In [30]:
# imports
import typing
import os
import math
import tensorflow as tf
from tensorflow import keras
import numpy as np
from numpy import genfromtxt
from numpy.lib import recfunctions as rfn
import pandas as pd
import sklearn
from sklearn.preprocessing import MinMaxScaler
from IPython.display import display, Math, Latex
print(tf.__version__)

2.11.0


In [16]:
# colab config
#from google.colab import drive
#drive.mount('/content/drive')
#os.chdir('/content/drive/My Drive/cs470')

# Data Preprocessing

## Data Loading

The dataset was downloaded from Kaggle. It contains 32 Columns of 1,000,000 entries. Since it is 216.59 MB, it may take time to load.

_in this project, "label" will refer to column categories, and "data_actual" will refer to the actual value of the data_

In [17]:
data = pd.read_csv("Base.csv") # load csv from drive
classification = data.pop("fraud_bool") # remove classification label from dataset
labels = data.keys() # get column labels

# Data Analysis
## Balance check
Our dataset is extremely imbalanced. This is due to the fact that fraudulence overwhelmingly rare in the dataset.

In [33]:
Latex(f'In the complete data set, {classification.sum()} are fraud ({100*classification.sum()/len(classification):.3f}%)')


<IPython.core.display.Latex object>

# One-hot vectorization

Machine learning algorithms have a hard time understanding strings.

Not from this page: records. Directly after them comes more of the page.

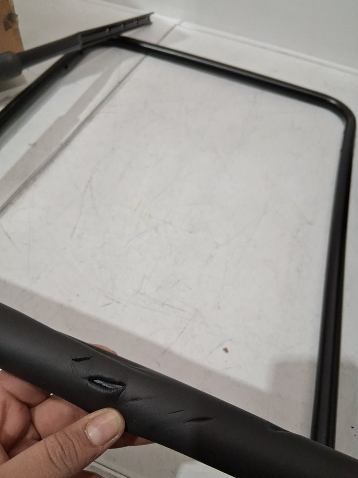 the foam on the handle has cuts, missing pieces to assemble (hardware) and has scratches all over
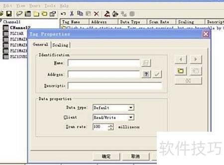11、 设置标签名称、PLC地址、描述信息、数据类型、读写方式及扫描周期。
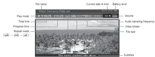 Сразу же бросаются в глаза весьма низкие поддерживаемые параметры для WMV — по сути этого достаточно разве что для бродящих по сети низкокачественных роликов, нежели для продаваемых в онлайновых магазинах фильмов. Впрочем, последнее на текущий момент проблем все равно вызвать не способно: МТР плеер не поддерживает, его удел, соответственно, файлы без DRM, а они крайне редко бывают качественными. Поддержка же остальных форматов вполне достаточна, дабы использовать самые разные источники их получения, в том числе и пиратские диски с фильмами в формате MPEG4 (и даже, судя по практическим проверкам, DivX 3). Кроме хорошей совместимости, плеер может похвастаться также корректной поддержкой файлов с несколькими звуковыми дорожками — он позволяет выбрать нужную при открытии файла при помощи появляющегося в данном случае меню. А вот сами по себе меню в файлах MPEG4 не поддерживались, равно как и работа с субтитрами (в формате SMI) была ограниченной — при наличии нескольких их вариантов на разных языках, выбрать вручную нужный было невозможно. Так что программистам компании все-таки еще есть над чем поработать.
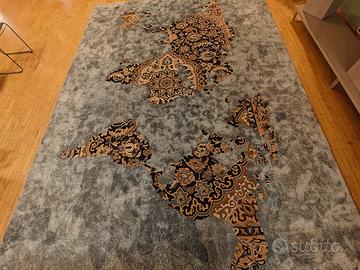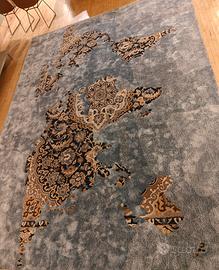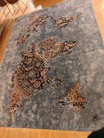 Un capolavoro tessile che fonde arte e design: tappeto esclusivo in lana e viscosa, decorato con una mappa del mondo stilizzata e ricca di dettagli ornamentali. Ogni continente è interpretato con motivi sofisticati, su fondo grigio testurizzato che esalta la profondità e il carattere del pezzo.
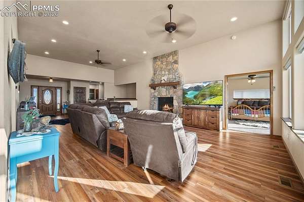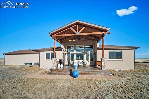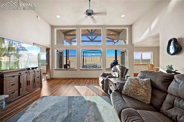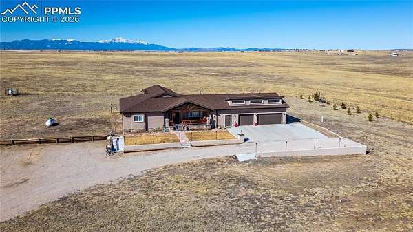 Ever dreamed of living the homesteader lifestyle without giving up modern comforts? Picture this: 40 acres of pure bliss, complete with everything you need for farming and animal care. Three loafing sheds, pens, fencing, and corrals-all stay! There's also a spacious hay barn for your farming needs and a 32x70 barn (with power) that's ready to adapt to whatever you envision. To top it off, you have access to the mother of all wells: a livestock well and a seasonal pond for added convenience. Grow your own fresh veggies in the greenhouse and enjoy five strategically placed water spigots throughout the property. Inside the home, you'll be greeted by floor-to-ceiling windows offering panoramic mountain views that will take your breath away, alongside a great room with a stately stone fireplace. After a rewarding day of homesteading, retreat to your gourmet kitchen and expansive walk-in pantry-where even the toughest homesteader can feel like a five-star chef. Choose between the formal dining room or a cozy breakfast nook for entertaining. The primary suite offers direct access to the back patio, a soaking tub, a large shower, and a walk-in closet that will exceed your expectations. The main-level laundry room features a convenient wash station and abundant counter space-perfect for tackling any task. Head downstairs to find three more bedrooms, two bathrooms, and a spacious family room complete with a wet bar. The oversized, three-car garage provides ample space for your toys and a work area with an added bonus, the roof is one year old. Shopping, restaurants, grocery stores and gas stations are found within 18 mins. Who says you can't have it all-comfort, style, and spectacular views-all in one place?
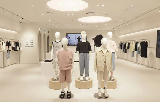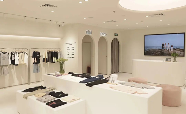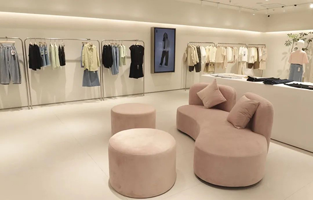 旗舰店所有墙面采用的爱涂妆砂岩定制色系,环保材质,看似白色其实是有
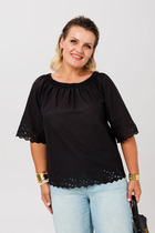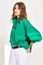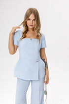 Укороченная блузка с пышными рукавами-фонариками выполнена из легкого хлопкового поплина. Супатная застежка на пуговицы из натурального перламутра. Внизу кулиса с лентами из основного полотна. В изделии будет комфортно, даже в самое жаркое время года. Подходит для любой фигуры. Сочетается в костюме с кюлотами D24.233 и юбкой D26.179
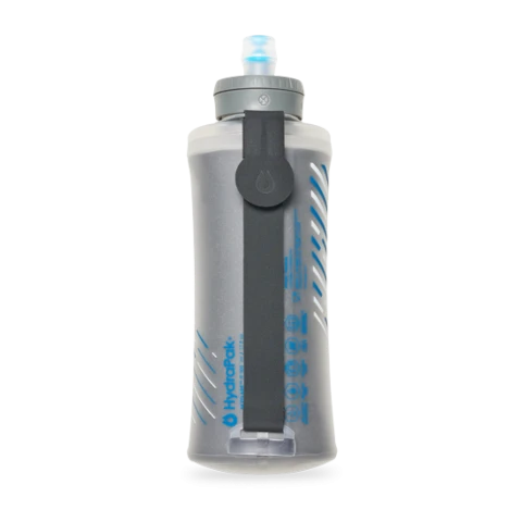 - El tipo de boquilla es mordida para evitar goteos y también tienes disponible un tapón que se abre haciendo palanca para poder destapar y poder beber más rápido. Bidón Flexible Hydrapak Skyflask 500 ml puedes rellenarlo de bebida isotónica, agua, gel…
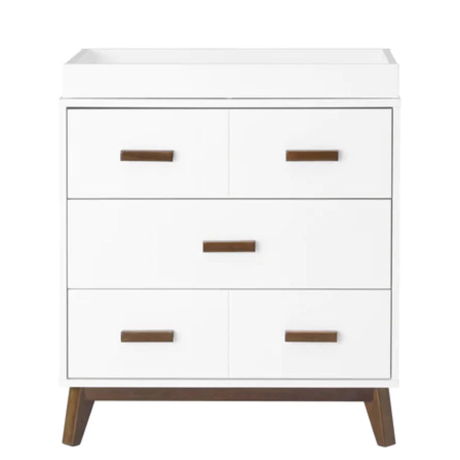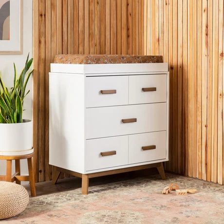 The Scoot 3-drawer Changer Dresser is the definition of mid-century modern style. The perfect accompaniment to your Scoot 3-in-1 Crib with matching tapered feet and two-toned or solid color detailing. With three smooth-glide drawers and an included removable changing tray, this compact unit provides a range of practical storage possibilities to suit all of your nursery needs.
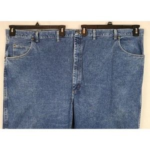 Wrangler Rugged Wear Mens (56 x 30) Big & Tall Blue Jeans Flat Front Medium Wash
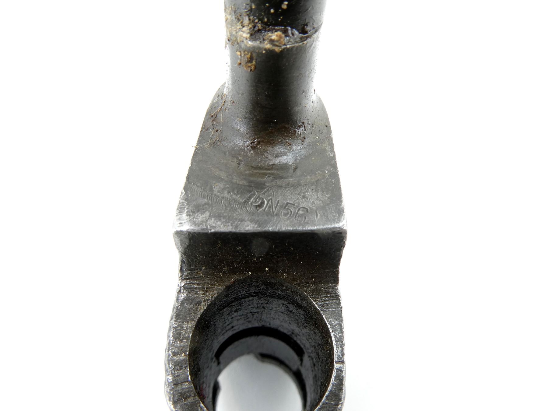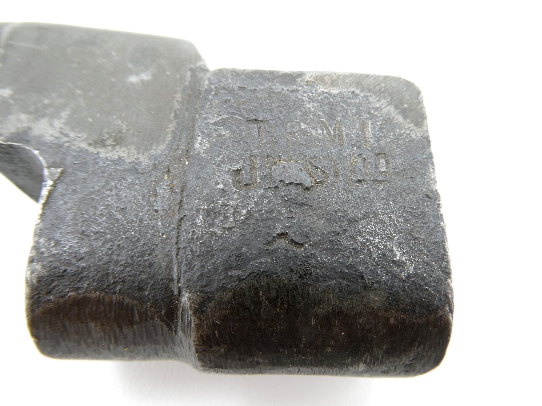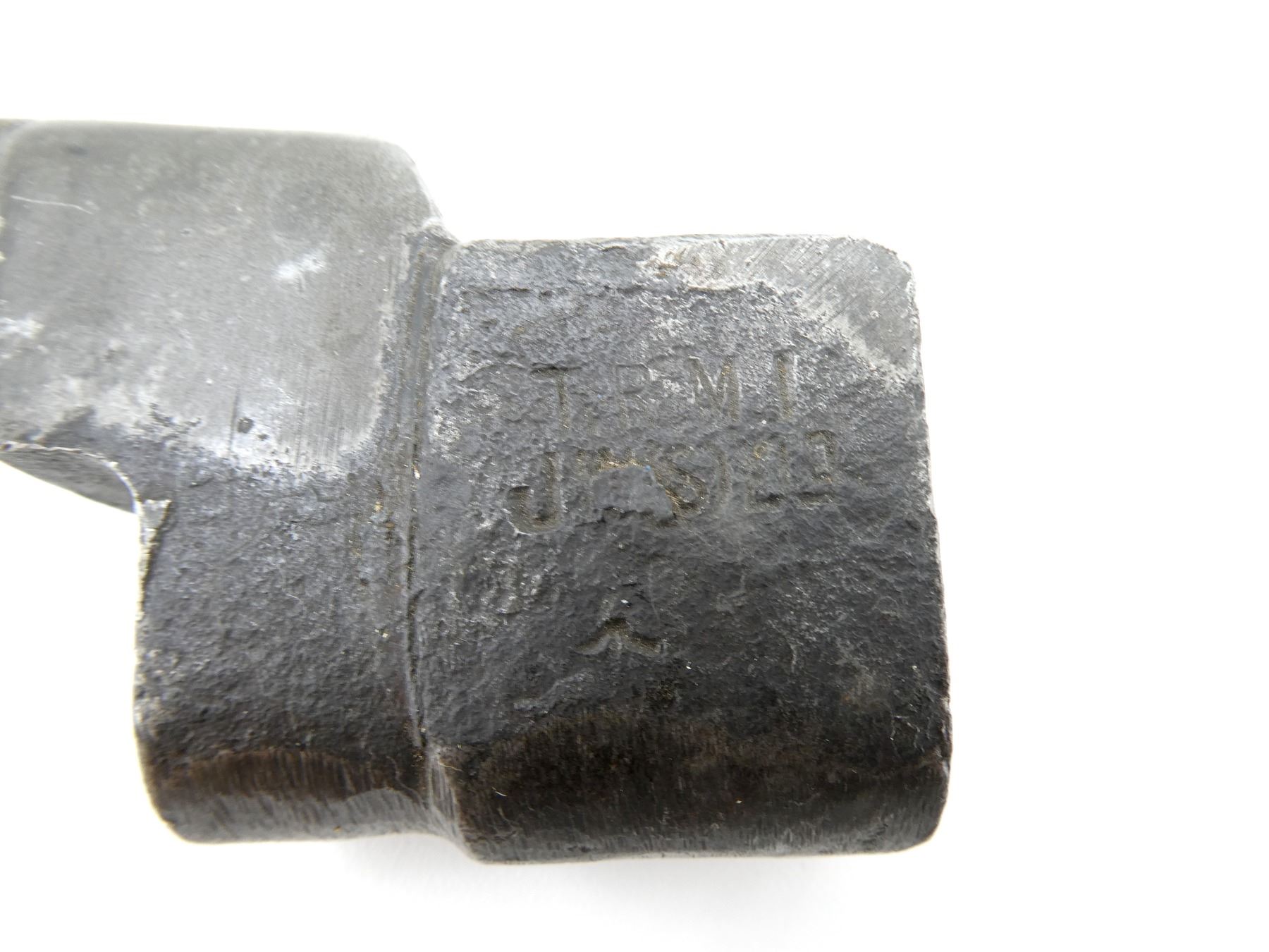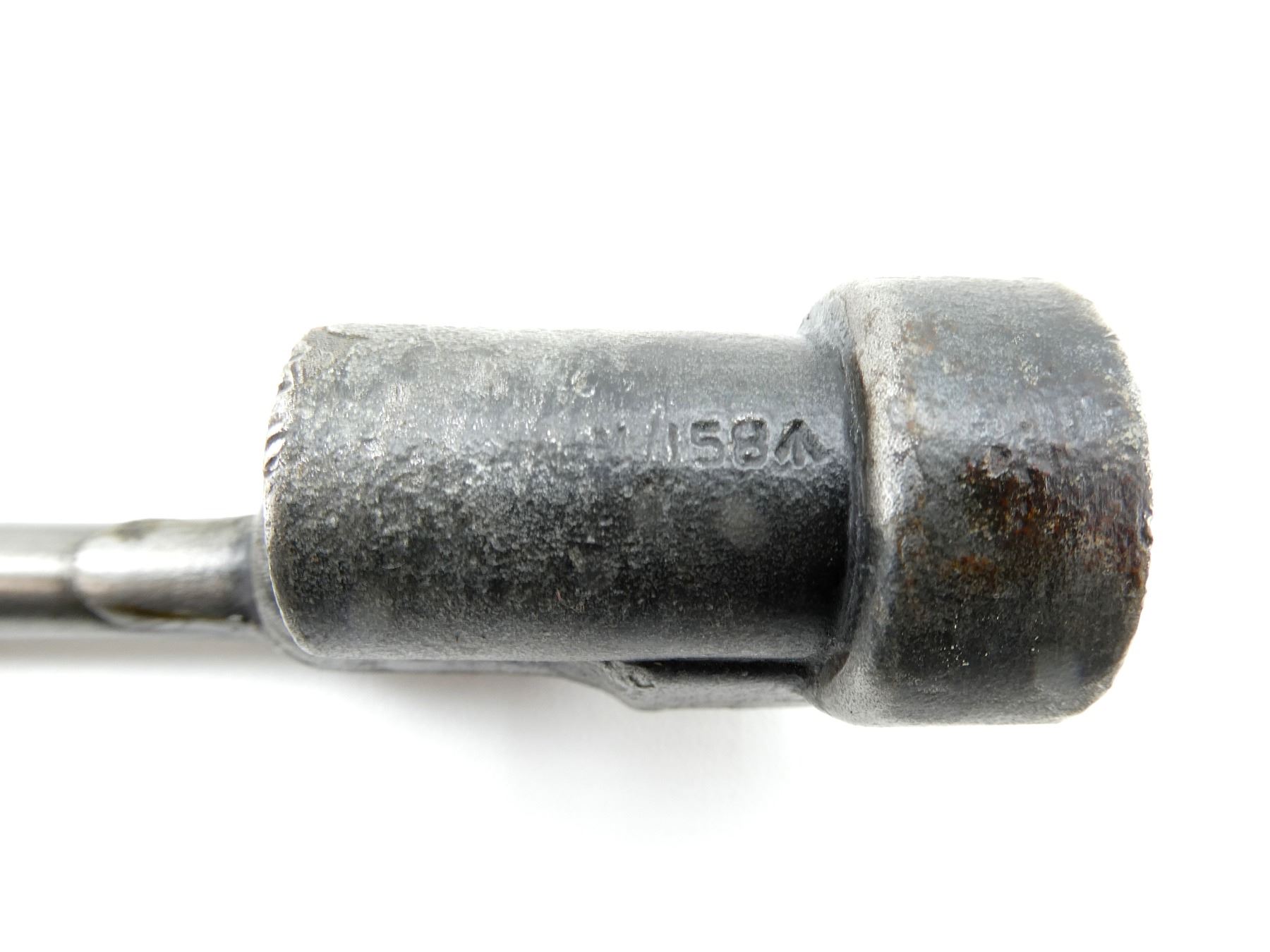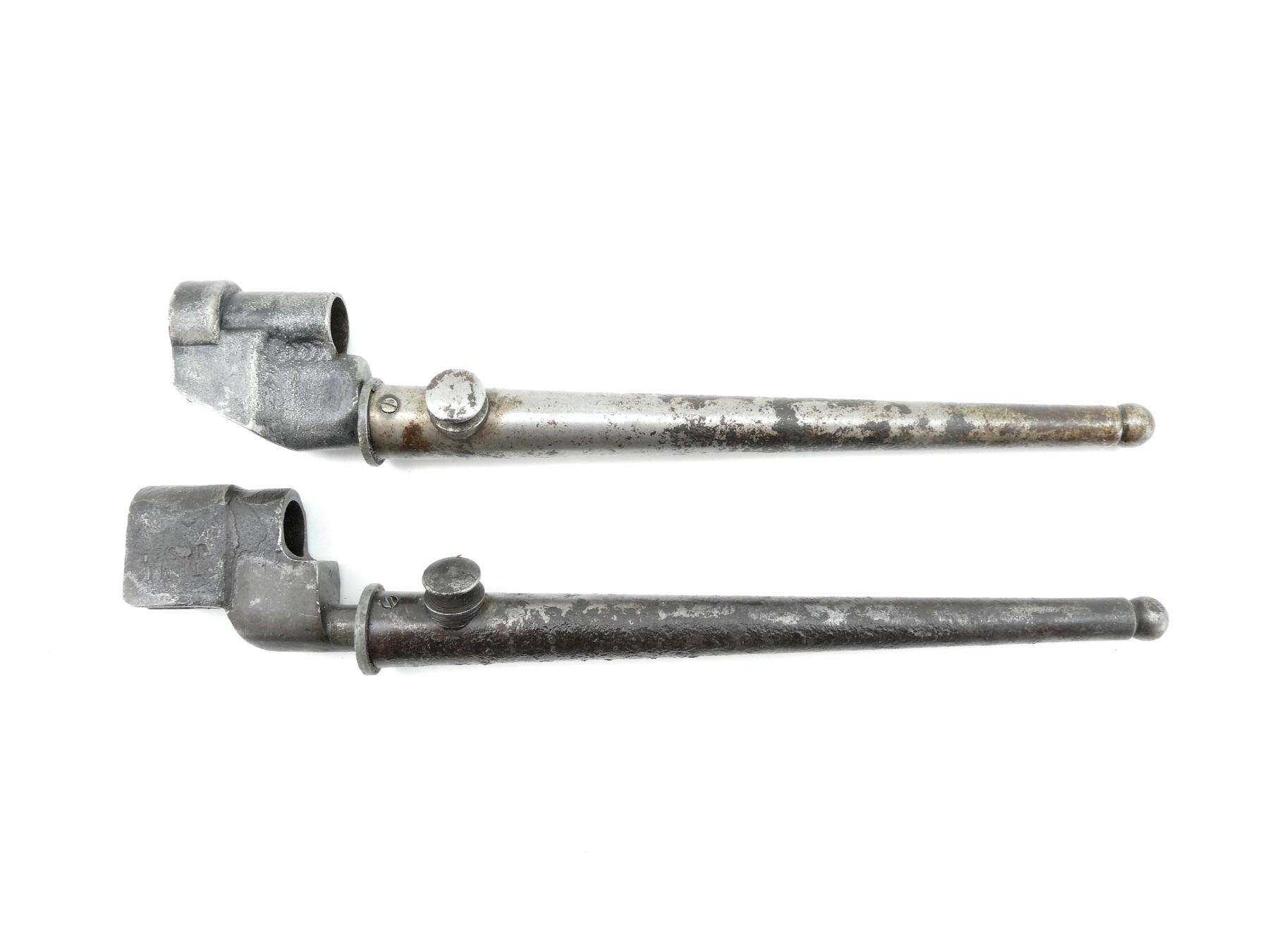 LOT INCLUDES; (1) NO.4 MKII* SPIKE BAYONET, FITS LEE ENFIELD NO.4 MKI & MKII SERIES RIFLES, CATCH RELEASE IS STUCK, SOCKET MARKED: "T.R.M. 1, JW(S) LTD", "?N56" IN A CIRCLE, FAINT BROAD ARROW, "SM, 42", METAL MKI SCABBARD, MARKED: "NO4 MK1. S.286, V" WITH BROAD ARROW, BLADE APPROX. 8", OVERALL LENGTH APPROX. 10" & (1) NO.4 MKIII SPIKE BAYONET, FITS LEE ENFIELD NO.4 MKI & MKII SERIES RIFLES, CATCH RELEASE IS STUCK, SOCKET MARKED: "M/158" WITH BROAD ARROW, PARTIAL MARKING IN A SQUARED SHAPE ON SPIKE, METAL MKI SCABBARD, BALL TIP MARKED WITH BROAD ARROW, BLADE APPROX. 8" & OVERALL LENGTH APPROX. 10". SEE PHOTOS.

To confront this, we replace a column of multiple unique string values with multiple columns for each unique category. These columns contain a boolean to indicate which category it was. This is alternatively known as a _One-hot_.

In [18]:
# one-hotify labels
labels_categorical = ["payment_type", "employment_status", "housing_status", "source", "device_os"] # list that contains columns to be binarized
labels_vectorized = [] # list that contains all newly created binarized columns
for label in labels_categorical:
    label_index = data.columns.get_loc(label)
    column_binarized = pd.get_dummies(data[label])
    for label_binarized in column_binarized:
        # new label joins the category with the original column name
        label_binarized_new = label + "_" + label_binarized
        data.insert(
            label_index,
            label_binarized_new,
            column_binarized[label_binarized])
        labels_vectorized.append(label_binarized_new)
    del data[label]
# prove that removal occurred and that new columns were added
assert("payment_type" not in data.columns and "device_os" not in data.columns and "device_os_windows" in data.columns)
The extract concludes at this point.